Today has been all about perfecting that apple pie that I referred to on my first ever posting on this site on 2 June (Hello World!).
I am pretty pleased with the result and almost replicated the original from my friend. I think I had chopped the apples a little bit too big so note to self for next time to make the chunks a little smaller! Also, he had said that he used 4 Bramleys for a deep 9″ pie tin. That seemed too much in my experience as I had some apple left over that I couldn’t fit in – so another note on the recipe will be 3 Bramleys rather. But here’s the finished article:
My main difficulty in the past with apple pie is the bottom of the pastry going soggy because of the liquid released from the apples. But this time, I think it seemed to be OK. The pastry overall, a basic pate sucree recipe, was really nice so the 40 mins in a 180C oven was spot on.
The double cream finished things off nicely …
Well, I don’t like to boast, but I got to try this pie too – lucky girl that I am.
I have long considered Shirley’s mastery of pastry to complete, and this new recipe has done nothing to dispel that view. The soggy bottom challenge was avoided masterfully.

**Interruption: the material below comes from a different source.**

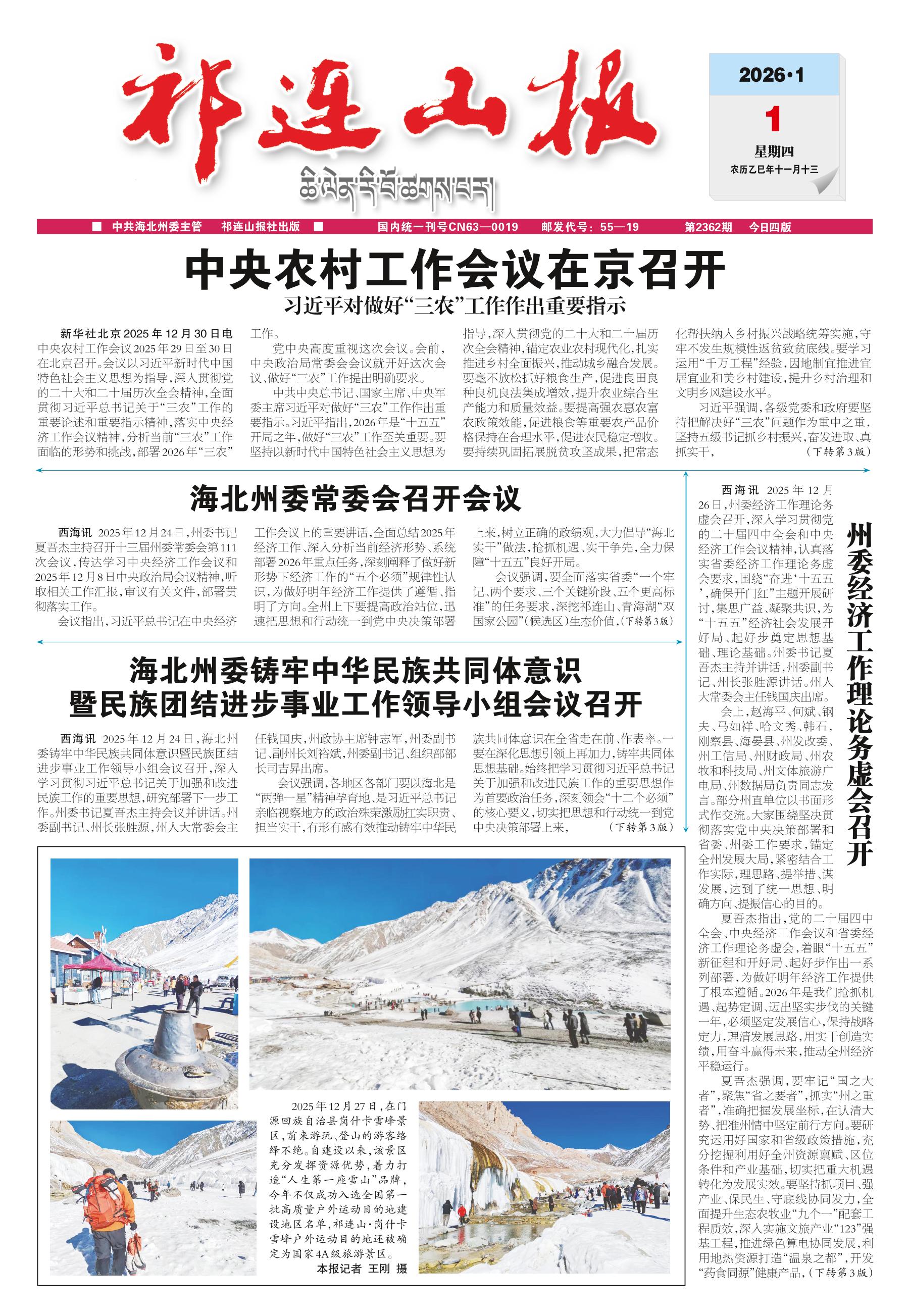 <div style='font-size: 22px!important;line-height: 34px!important;text-align: justify!important;color: #000!important'>中央农村工作会议在京召开</div><div style='font-size: 16px!important;line-height: 28px!important;text-align: justify;color: #777!important;margin-top: 20px;'>习近平对做好“三农”工作作出重要指示</div><div style='font-size: 14px!important;line-height: 22px!important;text-align: left!important;color: #777!important;margin-top: 20px;'>祁连山报  2026-01-01</div><div><img id='paperImg' style='max-width: 100%;height: auto' src='//img.founderfx.cn/epaper/202512/31/ce3239bda8594f11b12c7f7d2ace3374/1.jpg' alt='' class='page-img'/></div><p> 新华社北京2025年12月30日电 中央农村工作会议2025年29日至30日在北京召开。会议以习近平新时代中国特色社会主义思想为指导,深入贯彻党的二十大和二十届历次全会精神,全面贯彻习近平总书记关于“三农”工作的重要论述和重要指示精神,落实中央经济工作会议精神,分析当前“三农”工作面临的形势和挑战,部署2026年“三农”工作。</p><p> 党中央高度重视这次会议。会前,中央政治局常委会会议就开好这次会议、做好“三农”工作提出明确要求。</p><p> 中共中央总书记、国家主席、中央军委主席习近平对做好“三农”工作作出重要指示。习近平指出,2026年是“十五五”开局之年,做好“三农”工作至关重要。要坚持以新时代中国特色社会主义思想为指导,深入贯彻党的二十大和二十届历次全会精神,锚定农业农村现代化,扎实推进乡村全面振兴,推动城乡融合发展。要毫不放松抓好粮食生产,促进良田良种良机良法集成增效,提升农业综合生产能力和质量效益。要提高强农惠农富农政策效能,促进粮食等重要农产品价格保持在合理水平,促进农民稳定增收。要持续巩固拓展脱贫攻坚成果,把常态化帮扶纳入乡村振兴战略统筹实施,守牢不发生规模性返贫致贫底线。要学习运用“千万工程”经验,因地制宜推进宜居宜业和美乡村建设,提升乡村治理和文明乡风建设水平。</p><p> 习近平强调,各级党委和政府要坚持把解决好“三农”问题作为重中之重,坚持五级书记抓乡村振兴,奋发进取、真抓实干,(下转第3版)</p>

I would disagree that the apples were left too large, as they retained pleasant structure, whilst their flavours were appropriately stewed. However, I do sometimes find that my tastes veer towards the rustic, so perhaps they would be smaller in a more from ‘Farmhouse’ style to ‘patisserie’
Apple taken alone, the lemon hit was unexpected; startling even, and I wasn’t wholly sure what to make of it. Everything made sense in the next forkful though, as up against that beautiful rich pastry, the good sense in its addition shone through.
All in all a perfect pie; but please, don’t rest on your laurels. I would much prefer to keep checking that the reality is as good as the memory.